Explanation of symbols

DESCRIPTION OF SYMBOLS 1 Piston 2 Piston pin 3 Connecting rod 4 Eccentric bush and planetary gear integrated mechanism 5 Ring gear 6 Crank pin 7 Crank shaft 8 Control shaft 9 1st motor 10 Rotor member 11 Stator member 12 2nd motor 13 Transmission 14 Control gear 15 Ring Gear rotation speed sensor

Claims (12)

In an internal combustion engine provided with a piston-crank mechanism that converts a reciprocating motion of a piston into a rotational motion of a crankshaft and transmits it to a transmission,
A connecting rod connecting the piston and the crankshaft;
An eccentric member provided at the connecting rod large end so that the central axis of the crankpin and the central axis of the connecting rod large end are eccentric;
A planetary member formed integrally with the eccentric member and concentrically with the central axis of the crankpin;
A rolling member that is concentrically mounted on the engine main body with the center axis of the crankshaft and is rotatable, and inscribed in the planetary member;
A control mechanism having a first motor as a drive source and controlling the rotation of the rolling member;
An internal combustion engine comprising: The control mechanism has a control shaft that circumscribes the rolling member;
The internal combustion engine according to claim 1, wherein the first motor is provided at an end of the control shaft.   2. The internal combustion engine according to claim 1, wherein the first motor includes a rotor member provided on an outer peripheral portion of the rolling member and a stator member fixedly supported by the engine body.
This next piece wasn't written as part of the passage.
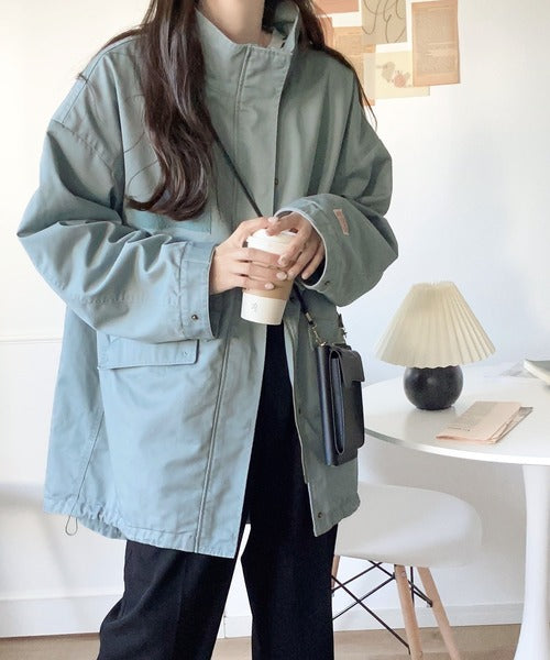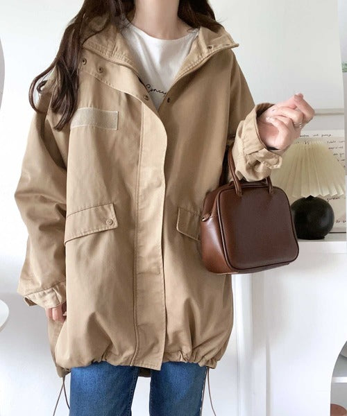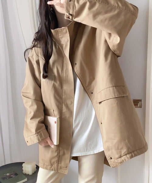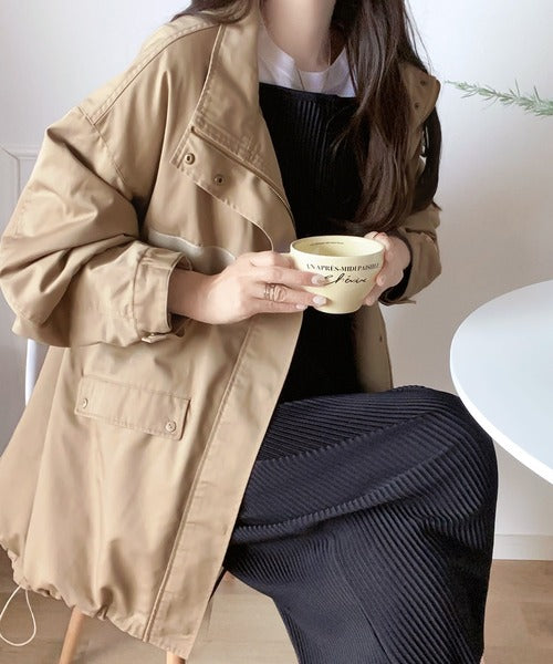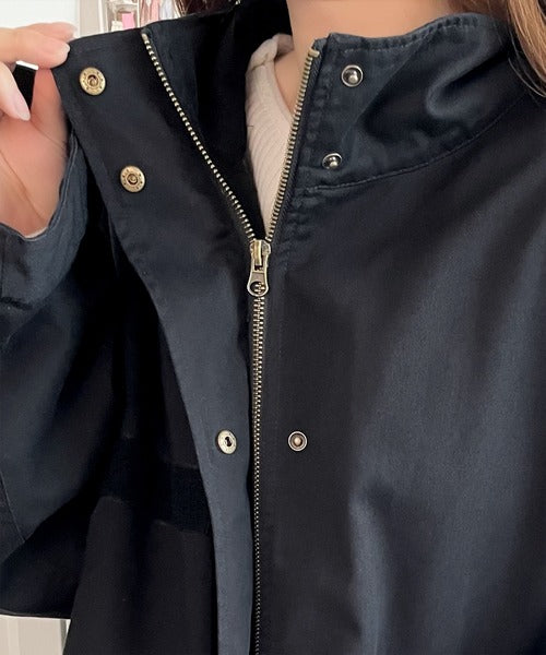 デザイン性と機能性を兼ね備えたトレンド感あるミリタリーコート。

Crankshaft angular velocity detecting means for detecting the angular velocity of the crankshaft;
With
The internal combustion engine according to any one of claims 1 to 3, wherein the control mechanism controls an angular velocity of the rolling member according to a detection value of the crankshaft angular velocity detection means. In an internal combustion engine having a plurality of cylinders,
A cylinder row direction, a central axis of the crankshaft, and a central axis of the control shaft are substantially parallel;
The internal combustion engine according to any one of claims 1 to 4, wherein the control mechanism is provided in at least one cylinder.   The internal combustion engine according to claim 5, wherein all the cylinders are provided with the control mechanism. Means for detecting the piston position;
The internal combustion engine according to claim 5 or 6, wherein the control mechanism controls an angular velocity of the rolling member based on a piston position for each cylinder.   The internal combustion engine according to any one of claims 1 to 7, wherein a ratio of a diameter of the planetary member to a diameter of the rolling member is 1: 2.   The internal combustion engine according to any one of claims 1 to 8, wherein the control mechanism can rotate the rolling member at the same angular velocity as the crankshaft.   The internal combustion engine according to claim 1, wherein the control mechanism can rotate the rolling member using rotational energy of the crankshaft. A second motor interposed between the crankshaft and the transmission;
The internal combustion engine according to claim 10, wherein the second motor converts rotational energy of the crankshaft into electric power, and the first motor is driven by the electric power.   The internal combustion engine according to claim 10, further comprising a transmission mechanism that mechanically transmits rotation of the crankshaft to the control shaft.